▶ [Exercise brief]:
Once you find the line with "Die rote Linie" in the entries below, print it and each line after it up to and including the line with "Il est possible", exactly, without pictures.

▶ [Records shown]:
--- START ---
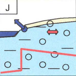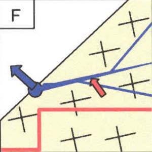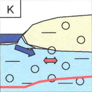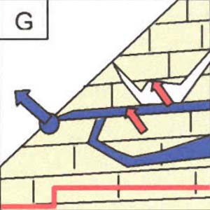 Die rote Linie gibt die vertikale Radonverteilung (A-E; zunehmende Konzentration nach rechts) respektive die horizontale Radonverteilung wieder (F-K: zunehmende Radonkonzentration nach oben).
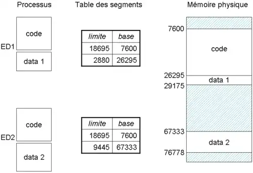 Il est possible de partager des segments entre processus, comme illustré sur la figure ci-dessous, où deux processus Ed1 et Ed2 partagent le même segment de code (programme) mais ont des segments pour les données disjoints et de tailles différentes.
--- END ---
--- START ---
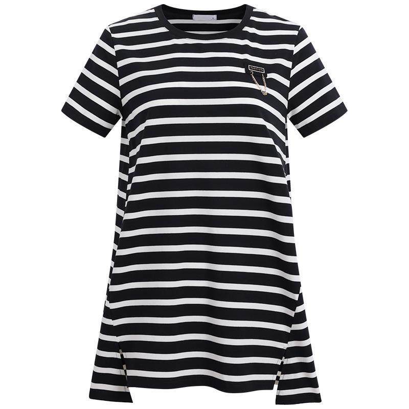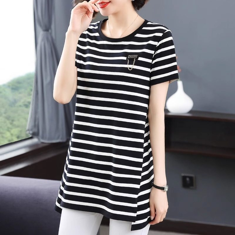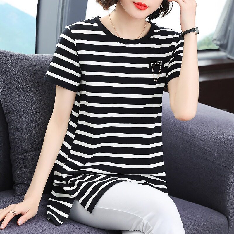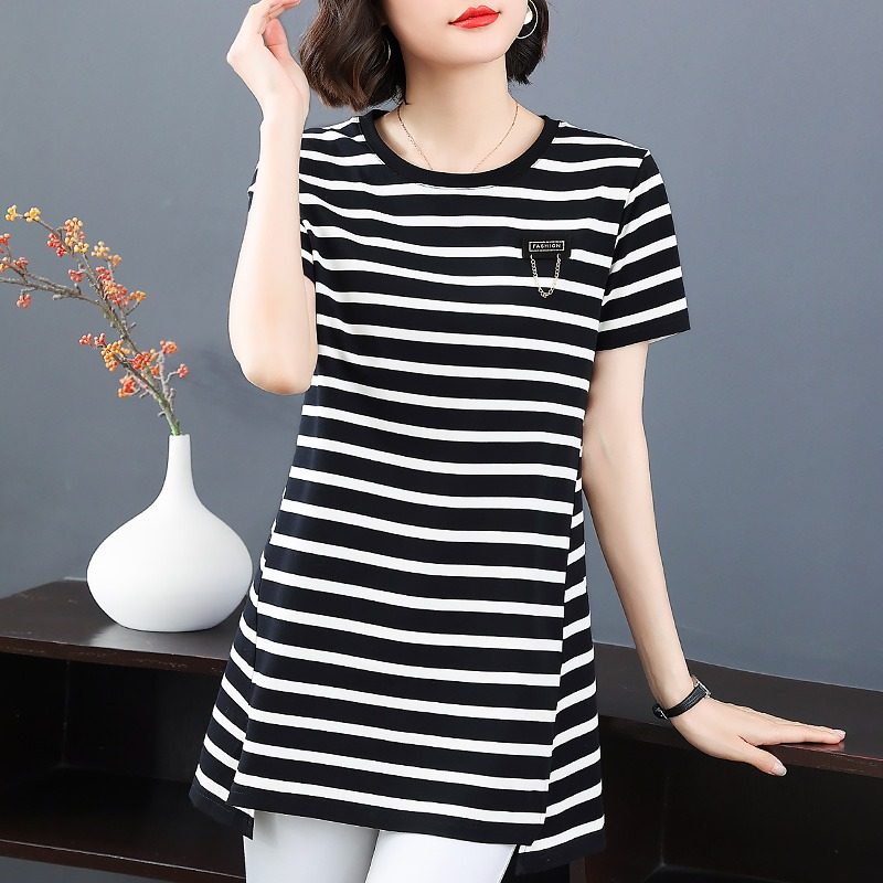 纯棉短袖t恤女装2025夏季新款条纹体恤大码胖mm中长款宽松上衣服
--- END ---
▶ [Solution to the problem]:
 Die rote Linie gibt die vertikale Radonverteilung (A-E; zunehmende Konzentration nach rechts) respektive die horizontale Radonverteilung wieder (F-K: zunehmende Radonkonzentration nach oben).
 Il est possible de partager des segments entre processus, comme illustré sur la figure ci-dessous, où deux processus Ed1 et Ed2 partagent le même segment de code (programme) mais ont des segments pour les données disjoints et de tailles différentes.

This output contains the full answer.